Pour une raison que j'ignore, un poids semble s'envoler de ma poitrine. Ce vent frais au plus profond de mon cœur me provoque un mince sourire. Enhardie par cette sensation, je me rapproche du pharaon et lui donne un léger coup d'épaule.

— Allez, ne fais pas la tête. L'essentiel, c'est que tu dois te faire pardonner !

Bakura m'a complètement lâchée pour le coup, je ne peux plus compter sur lui pour m'aider à ramener Lorène. Je n'ai aucune envie de lui avouer, mais Atem s'avère mon dernier espoir de la rejoindre au Royaume des Ombres.

— Me faire pardonner ?

Son visage est entièrement tourné vers le mien. Instinctivement, mon regard descend sur ses fines lèvres, celles que j'ai déjà embrassées par le passé. J'hoche doucement la tête.

— Bien sûr, tu dois te racheter. On ne néglige pas une fille comme moi, c'est évident.

Il déglutit, le pharaon serait-il intimidé par ma grandeur ?

— D'accord, répond-t-il en enfouissant sa main dans mon cou.

Mes yeux s'écarquillent, je ne saisis pas tout à fait ce qu'il se passe. En une seconde, sa peau a fondu dans la mienne. Sa bouche a recouvert la mienne dans un élan qui ne provenait pas de moi. Mon cœur s'emballe quand sa main remonte sous ma mâchoire. Les miennes enserrent les manches de son uniforme. Je peine à fermer les paupières tant cet instant est incroyable.
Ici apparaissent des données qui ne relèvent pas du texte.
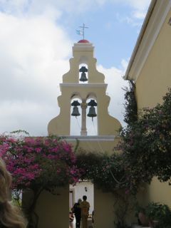 We were to have a leisurely drive through Paleokastritsa village on our way to the Virgin Mary Monastery, inhabited by monks, founded in 1228 to present day. The concept is lovely, but the bus driver sped so fast through all villages, they became a blur, a blurb, and a blip of what could have been luscious eye candy. I noticed those around me were holding tightly to the handles provided. Pretty soon your head began to swim, so with your eyes closed you are driven through scenes, past and present, with a future to come when you are long gone.
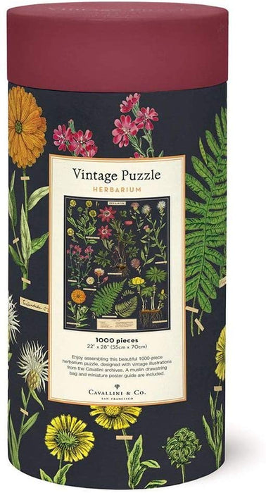 Cavallini's Herbarium puzzle is reminiscent of a vintage botanical chart. This puzzle has images of specimens that have been collected and taped in place. Complete with handwritten scientific names and an instructional block at the bottom. All puzzles are packaged in a 10 inch long cardboard tube with puzzle pieces safely stored in a muslin bag inside. Finished puzzle measures 22 by 28 inches.
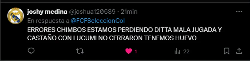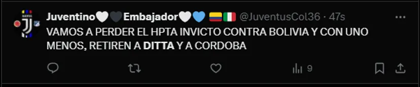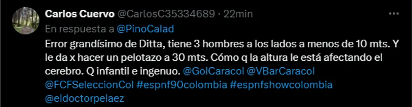 Si bien no parece ser culpa de Ditta el gol de Bolivia, por alguna razón los aficionados colombianos se desquitaron con él. “Error grandísimo de Ditta”, “Mala jugada de Ditta” y una serie de memes se hicieron virales. Conociendo como lo conocemos desde aquí, no caben dudas de que podrá salir adelante.
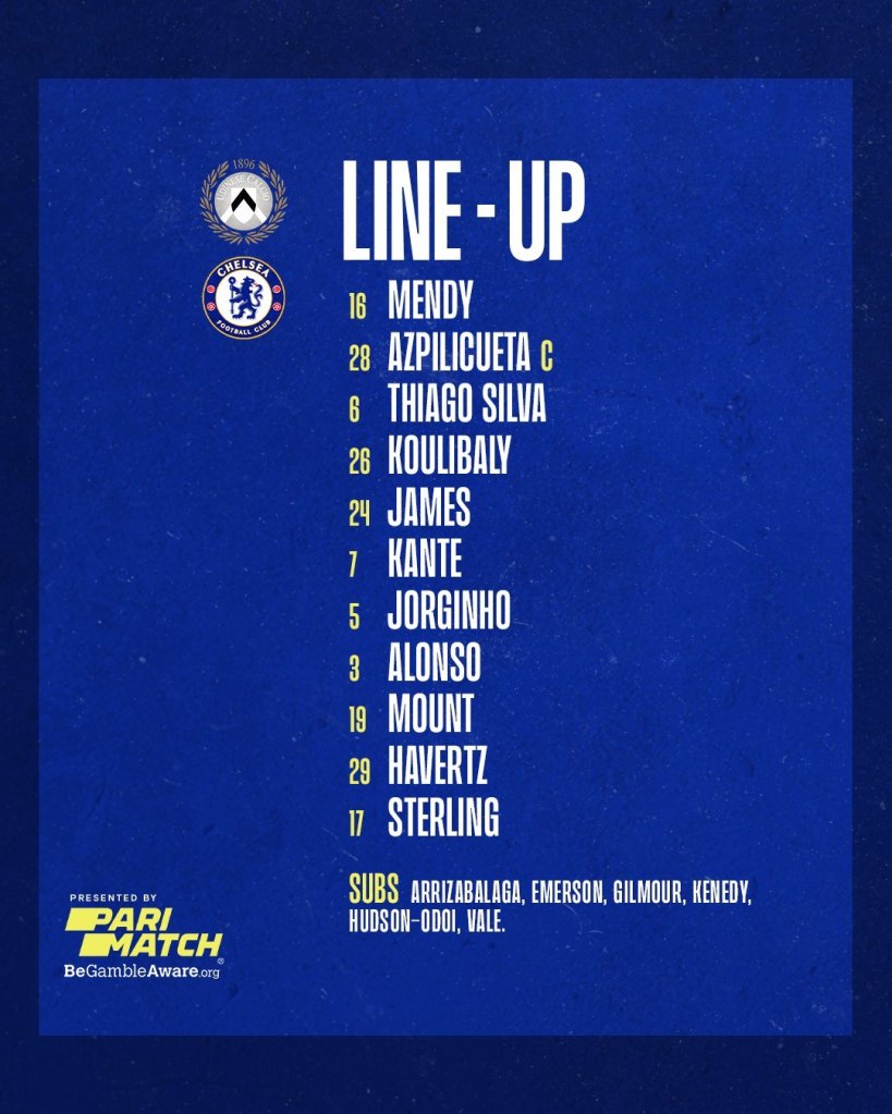 New signing, Raheem Sterling will start alongside Kai Havertz and Mason Mount at the attack. Jorginho and Kante at the middle of the park. Alonso and Reece James to hold the left and right backs respectively.

Incroyablement merveilleux. Ses lèvres caressent les miennes, les pincent, les effleurent pour finalement les quitter.

Quand il recule suffisamment et découvre ses prunelles violettes, mes cordes vocales ne fonctionnent plus. Je reste bouche-bée devant sa beauté.

— Désolé mais je vais devoir te laisser, Yugi doit rentrer.

Mécaniquement, j'acquiesce pendant qu'il s'écarte du lit. A l'entrebâillement de la porte de ma chambre, il s'arrête sans se retourner.

— Eléonore.

— Oui ?

— Tu m'as demandé tout à l'heure pourquoi j'avais laissé Tristan assurer ta surveillance.

Je plisse les yeux, pourquoi reparle-t-il de cela subitement ? Le visage faiblement incliné dans ma direction, Atem me croise d'un air sévère.

— Marik, Ishisu et Odion ont repris connaissance.

A cet instant, ma tension chute si brusquement que mes oreilles vrombissent.

— Ils ont été secourus par Lorène.

Lo... Lorène ? Mais pourquoi a-t-elle fait une chose pareille ? Ils lui ont tous fait du mal, cela n'a aucun sens qu'elle les sauve ! Choquée, il me faut quelques minutes pour me ressaisir. Le claquement de porte en bas me signifie que le pharaon vient de quitter la maison. Instinctivement, ma main tapote la couverture, à la recherche de l'artéfact. Cependant, elle ne rencontre que le vide. A y regarder de plus près, l'œil du Millénium a disparu. Mon corps entier se fige quand, finalement, je comprends.

— Quel connard !

J'ai beau dévaler les escaliers à grande vitesse et me précipiter dehors, Atem est déjà loin.